A tout le peuple italien ! Aux ouvriers et aux paysans ! Aux soldats, aux marins, aux aviateurs, aux miliciens ! Aux anciens combattants at aux volontaires de la guerre d’Abyssinie ! Aux artisans, aux petits industriels, aux petits commerçants ! Aux employés et aux techniciens ! Aux intellectuels ! Aux jeunes ! Aux femmes ! […]
Italiens !
La richesse de l’Italie n’est pas la richesse de ceux qui l’ont créée. Elle est aux mains de quelques centaines de familles, gros financiers, capitalistes et grands propriétaires fonciers qui sont les maîtres effectifs de toute la richesse du pays et qui en dominent l’économie. Cette poignée de possédants sont les responsables de la misère du peuple, de la crise et du chômage. […] Les requins capitalistes affament le peuple, jettent les ouvriers sur le pavé, aggravent l’exploitation de ceux qui travaillent et abaissent les salaires, poussent à la ruine les paysans, les petits industriels, les petits commerçants et les artisans. […]
Peuple italien !
Unis-toi pour libérer l’Italie de ces canailles […] qui affament notre pays et le mènent à la ruine, à la guerre permanente. […]
Soldats, chemises noires, anciens combattants et volontaires d’Afrique ! […]  A ce jour, la guerre d’Afrique a coûté presque 20 milliards de lires […] Le gouvernement augmentera les impôts directs et indirects, recourra à de nouveaux emprunts obligatoires, ratissera tout ce qu’il pourra de l’épargne interne, fera appel au capital étranger, auquel il faudra payer des intérêts élevés.
Le pain et le travail que nous voulons, nous ne l’obtiendrons que si nous nous unissons tous contre les gros capitalistes, qui ont gagné énormément dans cette guerre et qui se préparent à tirer profit de la conquête en en faisant supporter les dépenses aux masses.
Paysans ! La terre que vous voulez, c’est la terre italienne. […] Cette terre vous ne l’obtiendrez que si vous vous unissez et si vous luttez unis avec les ouvriers contre le petit groupe qui domine la nation. […]
Chômeurs ! Exigez du travail, ou exigez au moins un subside […] qui vous permette de vivre.
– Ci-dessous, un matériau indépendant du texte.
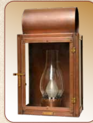
FLUSH MOUNT CX-F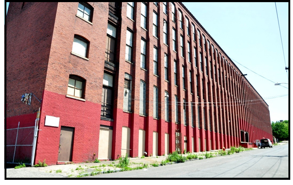
HALL 15: oblique overview of South side of 1910s building, looking E along Harrison St., demonstrating the impressive scale and integrity of the site.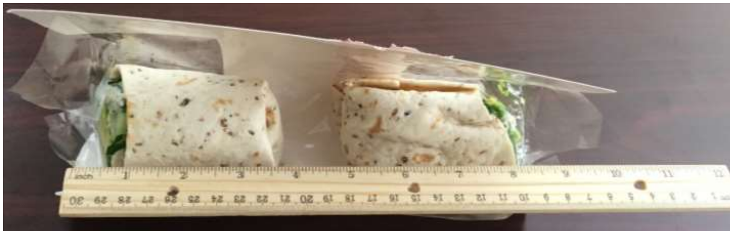
Above is a picture of the Green Goddess Turkey Wrap showing approximately 1.5 inches of empty space in the package that is hidden by the cardboard shroud. All of this space is unexpected and unnecessary, so it is non-functional slack-fill. Pret A Manger's deceptive practices portray the Green Goddess Turkey Wrap package as having more contents than it actually has.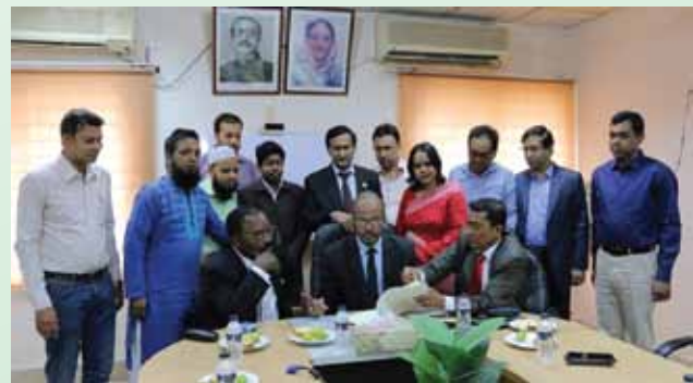
Agreement Signing Ceremony between TVE Department, IUT and Skills and Training Enhancement Project (STEP)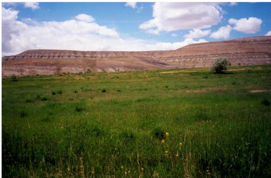
Where the deer and antelope roam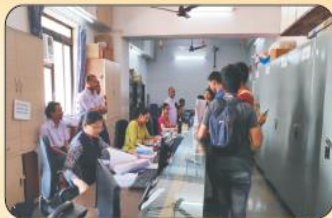
S.F.C. Administrative Office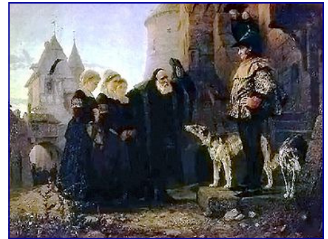
Le droit du Seigneur (1874) by Russian painter Vasily Polenov (1844-1927)

In the 1850s a widespread quarrel broke out over the reality of the droit de cuissage , which jurists, philosophers, and playwrights had made into an emblem for seigneurial oppression. Cuissage obstinately continued to enjoy popular belief, leading to art works and writings that defended the progress of history. Participants in the intense debate combed available texts, bringing to light most of the legitimate medieval documentary sources. Few sources have appeared since. The controversy helped to construct a new image of the Middle Ages as a time of strangeness, polarizing interpretations of the Middle Ages and gradually molding contemporary ideas into fact. From the Middle Ages to The Marriage of Figaro to Mel Gibson's Braveheart , the ultimate symbol of feudal barbarism is still the droit de seigneur .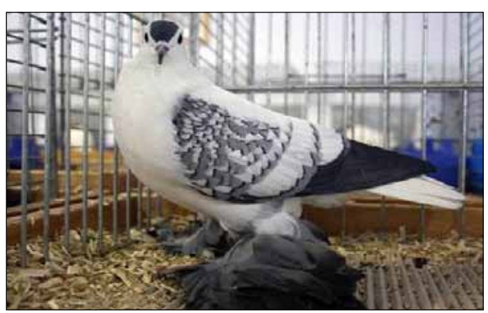
Saxon Silesian Swallow Blue Spangle Rated HS-96, Bernd Ehrler Photo from Zwönitz 2012 by Andreas Reuter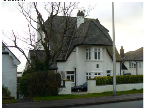
Unusual architect designed house at Porth-y-Castell.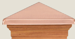
Copper High Point 4x4 / 6x6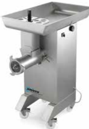
^ MG34 Meat Grinder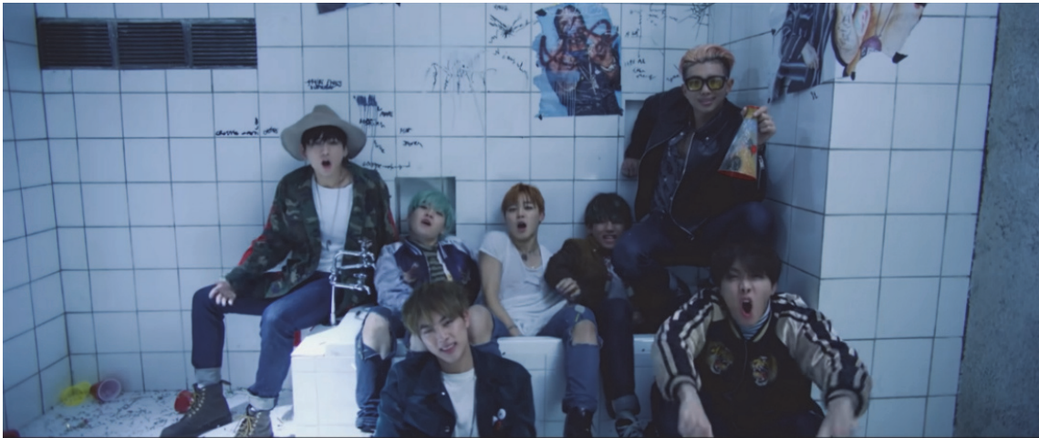
<Figure 2> Image of Friendship in BTS. (2015b). "Run" Official MV.

reach audiences and markets regardless of native language or culture.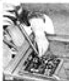
Figure 26-4—Checking Battery Specific Gravity

If liquid level is too low to check, add distilled water. It will then be necessary to run the engine for a few hours before the water and electrolyte will mix.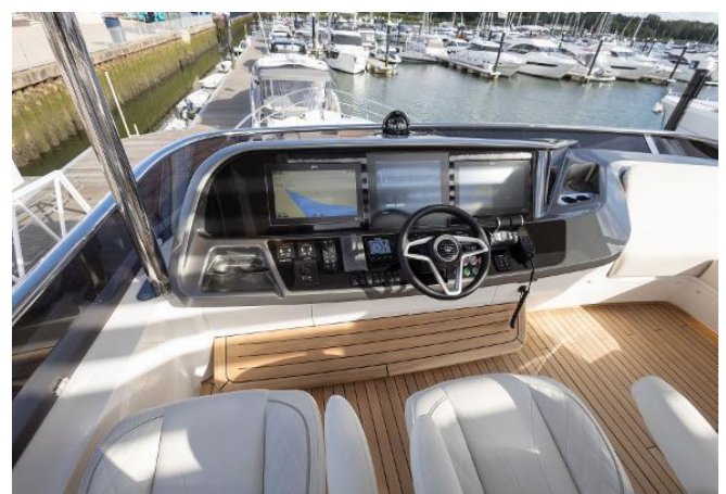
Princess Y72 For Sale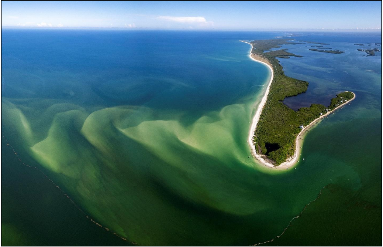
Aerial view of the barrier island of Cayo Costa prior to Hurricane Ian's landfall.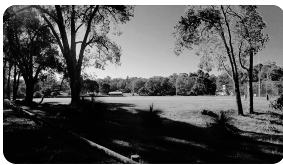
19. The Recreation Reserve, Marnie Rd to Braxan St. Photo 2020.

Braxan street was named after the three sons of the Wheeler family when they moved into the unnamed road in the 1950's. 'Brian', 'Max' and 'Ian' were shortened and combined to create this name.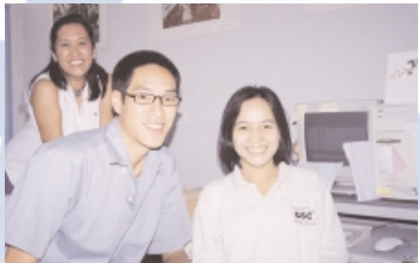
Staff of the Asian Regional Resource Center for Human Rights Education in Bangkok during a training conducted by HREA to establish a regional electronic network for the Asia-Pacific region.

Amnesty International-USA, Arabic Network for Human Rights Information, Cairo Institute for Human Rights Studies, Council of Europe, HURIDOCS, Instituto Interamericano de Derechos Humanos (IIDH), International Human Rights Law Institute at DePaul University, Moscow School of Human Rights, Northern Ireland Human Rights Commission, Research and Training Centre for Human Rights and Democratic Citizenship-Zagreb, Union Interfricaine des Droits de l'Homme (UIDH), University of Minnesota Human Rights Center, and Women's Learning Partnership for Rights, Development and Peace (WLP).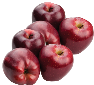
Red Delicious Apples Manzana Roja

Follow us on Instagram for EXCLUSIVE Instagram Specials Weekly!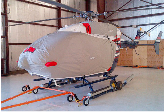
Bubble Cover w/ nose mounted radome & Upper Deck Plugs/Cover

Covers developed this material combination especially for aircraft protection. The outer material is medium weight and treated for water resistance, UV resistance and anti-static buildup. The inner lining is a very soft and smooth microfiber to prevent scratching. The material is very reflective, and tests show that the cabin interior temperature can be reduced to near-ambient temperature on the hottest of days. It is water, ice and snow repellent, yet breathable to allow moisture to escape from between the cover and the aircraft surface.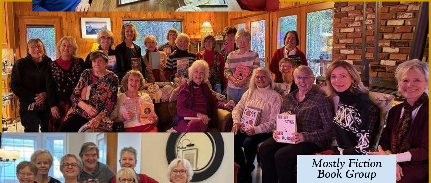
Mostly Fiction Book Group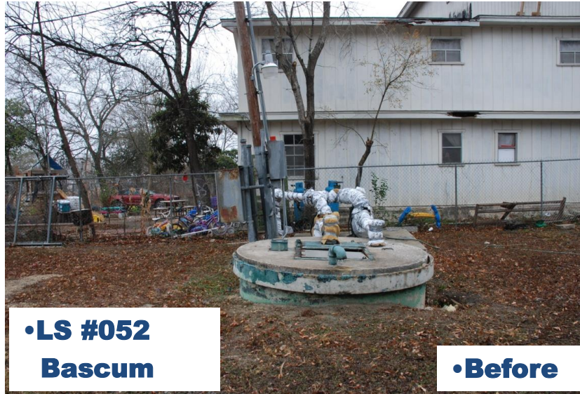
•LS #052 Bascum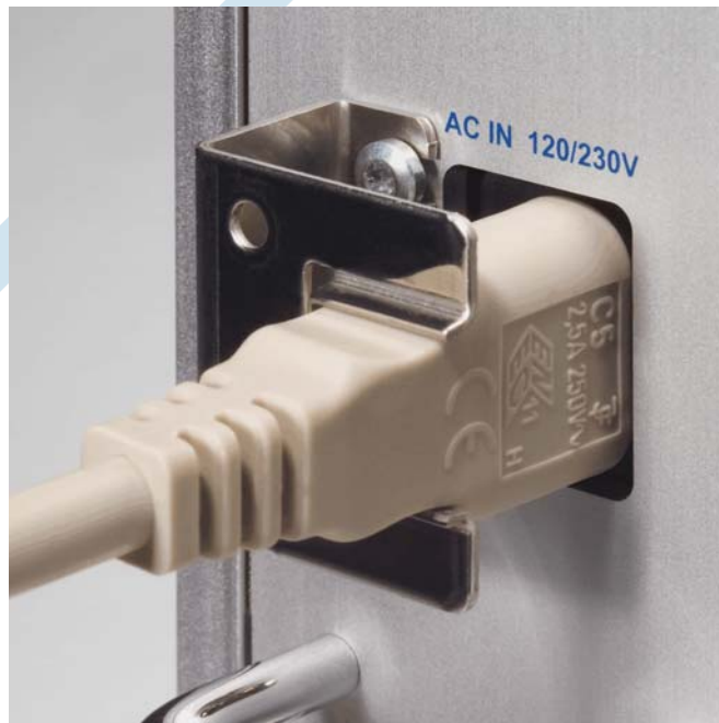
AC Power Cord Fastener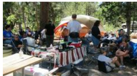
Pizza Party on Day 2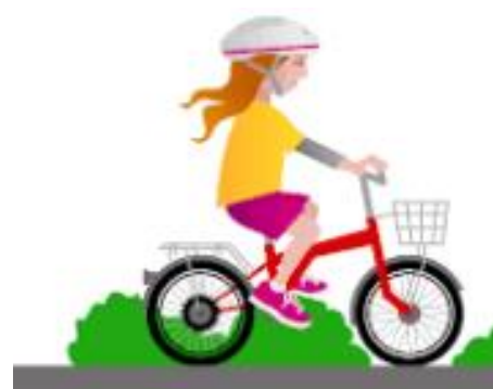
Above: Road Safety Awareness Oct 11 and 13

Contact the CRC or visit their Facebook page for more details and RSVPs.

Ouvriers ! Exigez que l’augmentation de salaire que l’on vous promet soit telle qu’elle vous permette de vivre dignement.
Ouvriers ! Paysans ! Employés ! Petits industriels, petits commerçants, artisans ! Exigez la réduction des impôts qui vous accablent !
Anciens combattants d’Afrique, exigez le doublement des indemnités de démobilisation et un emploi garanti […]
Donnons-nous la main, fils de la nation italienne ! Donnons-nous la main, fascistes et communistes, catholiques et socialistes, hommes de toutes opinions ! Donnons-nous la main et marchons côte à côte pour arracher le droit d’être les citoyens d’un pays civilisé comme le nôtre. […]
A toi, travailleur fasciste ! Nous te tendons la main parce-que nous voulons construire avec toi l’Italie du travail et de la paix. Nous te tendons la main parce-que nous sommes, comme toi, des fils du peuple, parce-que nous sommes tes frères, parce-que nous avons les mêmes intérêts et les mêmes ennemis. […)
A toi, travailleur catholique ! nous te tendons la main parce-que nous voulons comme toi et avec toi, lutter pour la justice, pour la paix entre les hommes, pour la liberté. […] Les communistes sont tes frères. Ils combattent courageusement contre les responsables de la misère du peuple et contre le fléau de la guerre. Comme les premiers apôtres du christianisme, ils abandonnent tout, et jusqu’à leur propre famille, pour la cause du peuple. […]
Unité ! Travailleurs et intellectuels socialistes, démocrates, libéraux catholiques ! Mettez toutes vos forces dans l’œuvre de réconciliation et d’union du peuple italien, pour la constitution du Front populaire en Italie. Ceux qui dominent actuellement dans notre pays veulent maintenir le peuple italien dans la division entre fascistes et non fascistes. Levons haut la bannière de l’unité du peuple, pour le pain, le travail, la liberté et la paix. […]
Tel est l’appel que t’adresse le Parti communiste d’Italie, le parti qui lutte pour construire une Italie forte, libre et heureuse.